* _Task_:
Pick out all lines with the word "середнього" from the records that follow.

* _Data extracted from a collection_:
▽

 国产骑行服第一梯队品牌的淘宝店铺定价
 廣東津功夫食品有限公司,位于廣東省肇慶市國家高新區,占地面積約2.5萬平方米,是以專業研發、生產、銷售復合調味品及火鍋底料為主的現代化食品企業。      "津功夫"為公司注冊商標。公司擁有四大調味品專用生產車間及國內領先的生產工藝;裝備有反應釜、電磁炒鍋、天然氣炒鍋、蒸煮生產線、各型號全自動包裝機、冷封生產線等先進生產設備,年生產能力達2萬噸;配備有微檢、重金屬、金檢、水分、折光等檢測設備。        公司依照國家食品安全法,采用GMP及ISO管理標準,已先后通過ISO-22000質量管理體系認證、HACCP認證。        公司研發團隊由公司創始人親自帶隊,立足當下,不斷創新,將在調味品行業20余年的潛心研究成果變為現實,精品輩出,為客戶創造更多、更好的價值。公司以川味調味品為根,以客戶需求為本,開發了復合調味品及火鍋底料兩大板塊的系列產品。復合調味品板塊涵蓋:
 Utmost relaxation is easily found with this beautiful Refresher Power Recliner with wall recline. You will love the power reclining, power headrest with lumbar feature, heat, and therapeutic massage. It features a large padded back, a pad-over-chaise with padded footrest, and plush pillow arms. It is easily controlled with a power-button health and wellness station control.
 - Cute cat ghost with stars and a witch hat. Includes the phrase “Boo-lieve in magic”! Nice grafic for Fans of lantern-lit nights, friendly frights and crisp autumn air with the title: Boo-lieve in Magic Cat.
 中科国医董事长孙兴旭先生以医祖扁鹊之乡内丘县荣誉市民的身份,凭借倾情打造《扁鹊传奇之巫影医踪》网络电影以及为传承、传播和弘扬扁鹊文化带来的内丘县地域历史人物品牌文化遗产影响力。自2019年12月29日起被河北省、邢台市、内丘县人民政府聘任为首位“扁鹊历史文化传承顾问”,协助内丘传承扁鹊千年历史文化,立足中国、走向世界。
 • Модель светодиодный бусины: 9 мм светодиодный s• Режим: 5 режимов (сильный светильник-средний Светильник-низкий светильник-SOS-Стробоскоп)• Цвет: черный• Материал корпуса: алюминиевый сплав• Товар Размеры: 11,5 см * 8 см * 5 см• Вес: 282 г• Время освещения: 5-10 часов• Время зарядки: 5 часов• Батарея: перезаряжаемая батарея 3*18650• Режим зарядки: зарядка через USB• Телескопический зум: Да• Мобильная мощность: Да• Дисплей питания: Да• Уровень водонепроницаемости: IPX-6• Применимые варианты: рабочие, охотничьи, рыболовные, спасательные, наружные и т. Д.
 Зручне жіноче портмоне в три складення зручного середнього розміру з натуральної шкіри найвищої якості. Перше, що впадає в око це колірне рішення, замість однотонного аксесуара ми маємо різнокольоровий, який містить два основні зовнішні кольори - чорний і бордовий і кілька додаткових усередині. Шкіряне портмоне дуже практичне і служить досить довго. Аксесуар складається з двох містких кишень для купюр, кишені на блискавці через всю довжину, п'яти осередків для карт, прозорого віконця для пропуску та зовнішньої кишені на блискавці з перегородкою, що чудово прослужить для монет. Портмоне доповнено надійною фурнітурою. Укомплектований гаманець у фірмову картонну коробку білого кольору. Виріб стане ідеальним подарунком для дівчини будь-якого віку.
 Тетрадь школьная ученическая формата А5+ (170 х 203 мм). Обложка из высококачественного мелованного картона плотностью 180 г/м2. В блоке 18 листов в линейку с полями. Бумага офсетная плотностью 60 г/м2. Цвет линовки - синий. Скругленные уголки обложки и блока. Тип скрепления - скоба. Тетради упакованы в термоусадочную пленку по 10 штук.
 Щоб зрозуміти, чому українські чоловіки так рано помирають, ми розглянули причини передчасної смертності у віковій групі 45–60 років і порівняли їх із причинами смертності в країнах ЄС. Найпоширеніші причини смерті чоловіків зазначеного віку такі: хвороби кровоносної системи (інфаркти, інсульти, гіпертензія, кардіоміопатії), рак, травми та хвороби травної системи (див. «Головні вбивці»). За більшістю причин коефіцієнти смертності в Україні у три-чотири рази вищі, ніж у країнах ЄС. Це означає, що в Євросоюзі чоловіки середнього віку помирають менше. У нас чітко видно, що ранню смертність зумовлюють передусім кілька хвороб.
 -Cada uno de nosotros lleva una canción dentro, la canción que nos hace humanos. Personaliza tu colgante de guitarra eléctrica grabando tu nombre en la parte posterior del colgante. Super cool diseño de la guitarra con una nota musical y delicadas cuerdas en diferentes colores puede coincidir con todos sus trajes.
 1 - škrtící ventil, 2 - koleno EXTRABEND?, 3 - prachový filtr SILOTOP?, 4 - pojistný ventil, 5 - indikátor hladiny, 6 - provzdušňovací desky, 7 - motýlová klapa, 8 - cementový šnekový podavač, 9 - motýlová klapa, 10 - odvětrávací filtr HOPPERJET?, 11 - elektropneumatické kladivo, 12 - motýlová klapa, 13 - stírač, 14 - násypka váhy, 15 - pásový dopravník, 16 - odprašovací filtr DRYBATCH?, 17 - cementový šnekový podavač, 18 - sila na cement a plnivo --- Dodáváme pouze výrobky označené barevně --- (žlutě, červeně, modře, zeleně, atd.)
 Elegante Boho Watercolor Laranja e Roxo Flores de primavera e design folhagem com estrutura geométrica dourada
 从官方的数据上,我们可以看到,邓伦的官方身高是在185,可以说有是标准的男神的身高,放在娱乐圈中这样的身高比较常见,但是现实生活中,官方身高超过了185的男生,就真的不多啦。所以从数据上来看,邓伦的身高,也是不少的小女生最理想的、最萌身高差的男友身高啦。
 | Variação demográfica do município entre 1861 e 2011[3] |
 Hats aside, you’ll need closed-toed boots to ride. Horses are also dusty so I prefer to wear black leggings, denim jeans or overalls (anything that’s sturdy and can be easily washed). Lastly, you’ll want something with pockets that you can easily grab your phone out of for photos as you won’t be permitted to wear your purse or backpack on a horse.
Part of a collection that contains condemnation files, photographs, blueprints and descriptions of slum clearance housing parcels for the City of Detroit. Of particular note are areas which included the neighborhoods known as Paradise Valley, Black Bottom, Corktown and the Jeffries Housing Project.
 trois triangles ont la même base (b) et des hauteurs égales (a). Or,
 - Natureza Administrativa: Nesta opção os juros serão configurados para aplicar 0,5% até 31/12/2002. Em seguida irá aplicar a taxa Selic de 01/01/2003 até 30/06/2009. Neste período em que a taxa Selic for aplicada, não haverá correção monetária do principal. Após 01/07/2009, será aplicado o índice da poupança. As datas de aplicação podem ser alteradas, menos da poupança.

△

* _Result of the exercise_:
 Зручне жіноче портмоне в три складення зручного середнього розміру з натуральної шкіри найвищої якості. Перше, що впадає в око це колірне рішення, замість однотонного аксесуара ми маємо різнокольоровий, який містить два основні зовнішні кольори - чорний і бордовий і кілька додаткових усередині. Шкіряне портмоне дуже практичне і служить досить довго. Аксесуар складається з двох містких кишень для купюр, кишені на блискавці через всю довжину, п'яти осередків для карт, прозорого віконця для пропуску та зовнішньої кишені на блискавці з перегородкою, що чудово прослужить для монет. Портмоне доповнено надійною фурнітурою. Укомплектований гаманець у фірмову картонну коробку білого кольору. Виріб стане ідеальним подарунком для дівчини будь-якого віку.
 Щоб зрозуміти, чому українські чоловіки так рано помирають, ми розглянули причини передчасної смертності у віковій групі 45–60 років і порівняли їх із причинами смертності в країнах ЄС. Найпоширеніші причини смерті чоловіків зазначеного віку такі: хвороби кровоносної системи (інфаркти, інсульти, гіпертензія, кардіоміопатії), рак, травми та хвороби травної системи (див. «Головні вбивці»). За більшістю причин коефіцієнти смертності в Україні у три-чотири рази вищі, ніж у країнах ЄС. Це означає, що в Євросоюзі чоловіки середнього віку помирають менше. У нас чітко видно, що ранню смертність зумовлюють передусім кілька хвороб.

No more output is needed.